Information shown:
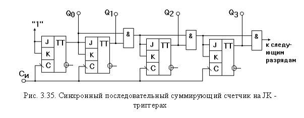 Синхронный последовательный счетчик. По способу подачи синхроимпульсов такие счетчики параллельные, т.е. синхроимпульсы поступают на все триггеры счетчика параллельно, а по способу управления (подачи управляющих импульсов) - последовательные. Схема синхронного последовательного счетчика, реализованного на JK-триг-герах, приведена на рис. 3.35.
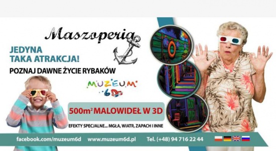 Muzeum 6d - Maszoperia, to całoroczna atrakcja przygotowana z myślą o turystach, którzy postanowili spędzić czas nad Bałtykiem. Miejsce powstało z potrzeby upamiętnienia życia i pracy nadbałtyckich rybaków i jest wyjątkowe nie tylko dlatego, że nie ma w nim kustosza i kapci nie do pary, ale ze względu na to, że wszystkie eksponaty można śmiało dotykać i głośno wymieniać się wrażeniami.
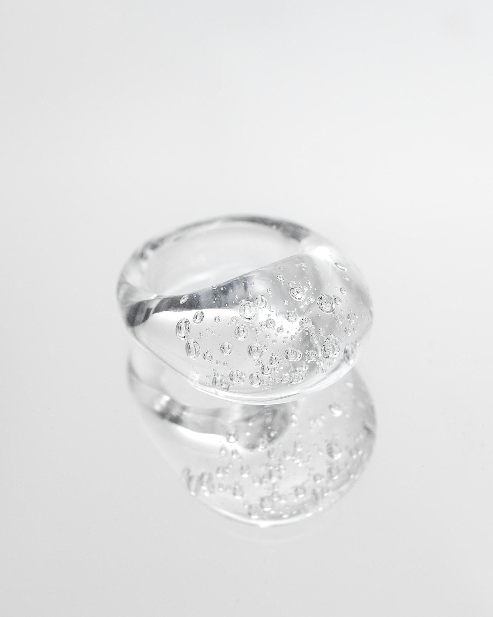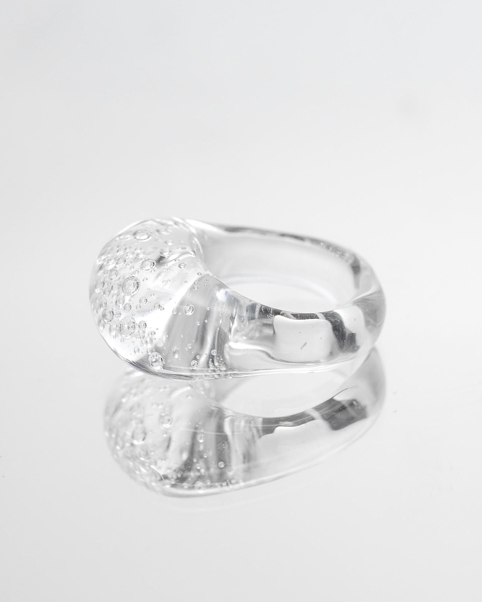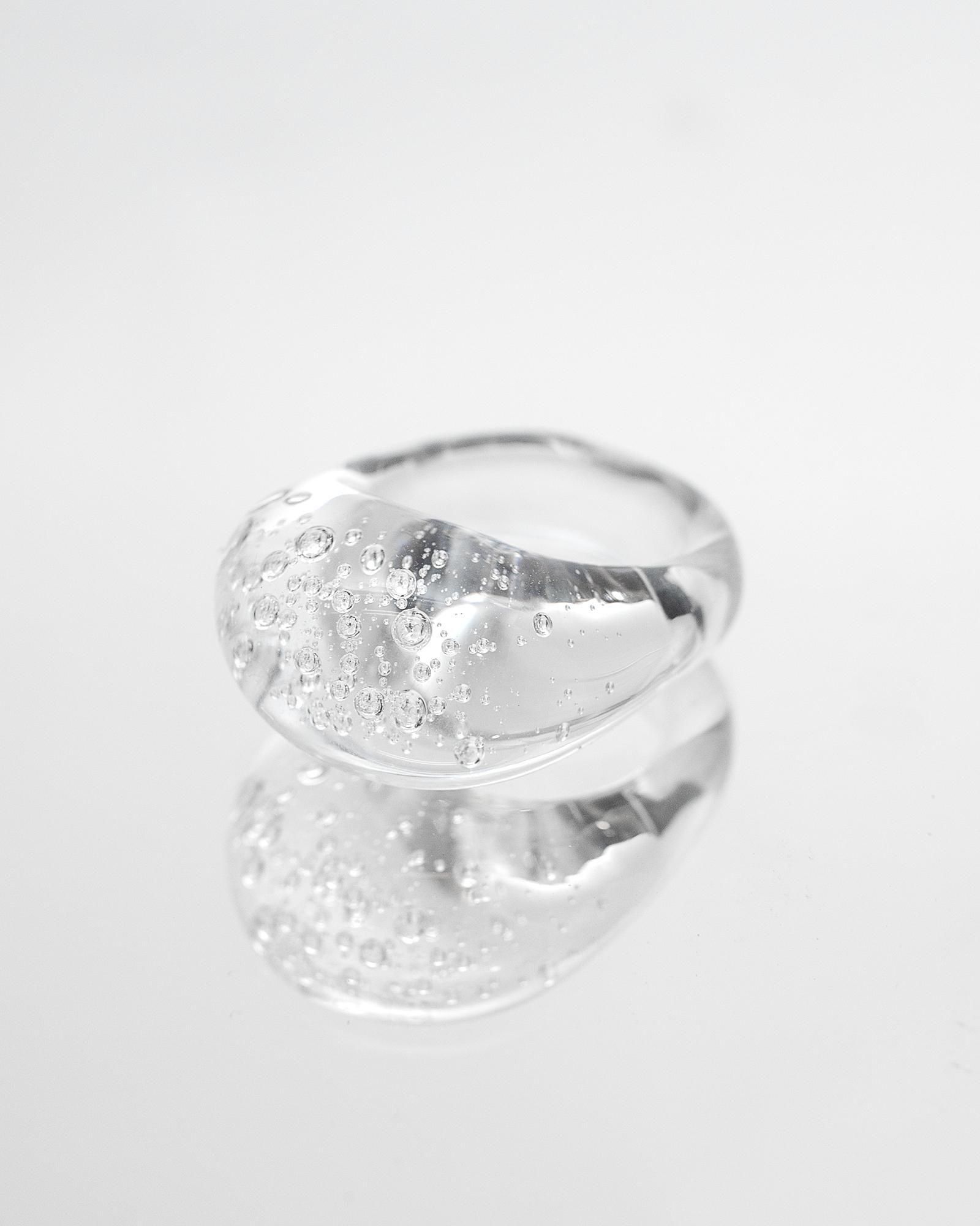 気泡が舞う一瞬の美しさをランプワークによってガラスの中に閉じ込めたデザインがとても印象的なリングです。
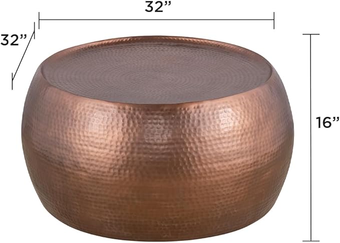 CT501 Modern Contemporary Round Aluminum Material 32" Coffee Table, Farmhouse Table with Glossy Hand Hammered Design Antique Copper

Problem statement:
Only the pictures are dropped when you print the material; everything else is copied exactly.

Result of the task:
 Синхронный последовательный счетчик. По способу подачи синхроимпульсов такие счетчики параллельные, т.е. синхроимпульсы поступают на все триггеры счетчика параллельно, а по способу управления (подачи управляющих импульсов) - последовательные. Схема синхронного последовательного счетчика, реализованного на JK-триг-герах, приведена на рис. 3.35.
 Muzeum 6d - Maszoperia, to całoroczna atrakcja przygotowana z myślą o turystach, którzy postanowili spędzić czas nad Bałtykiem. Miejsce powstało z potrzeby upamiętnienia życia i pracy nadbałtyckich rybaków i jest wyjątkowe nie tylko dlatego, że nie ma w nim kustosza i kapci nie do pary, ale ze względu na to, że wszystkie eksponaty można śmiało dotykać i głośno wymieniać się wrażeniami.
 気泡が舞う一瞬の美しさをランプワークによってガラスの中に閉じ込めたデザインがとても印象的なリングです。
 CT501 Modern Contemporary Round Aluminum Material 32" Coffee Table, Farmhouse Table with Glossy Hand Hammered Design Antique Copper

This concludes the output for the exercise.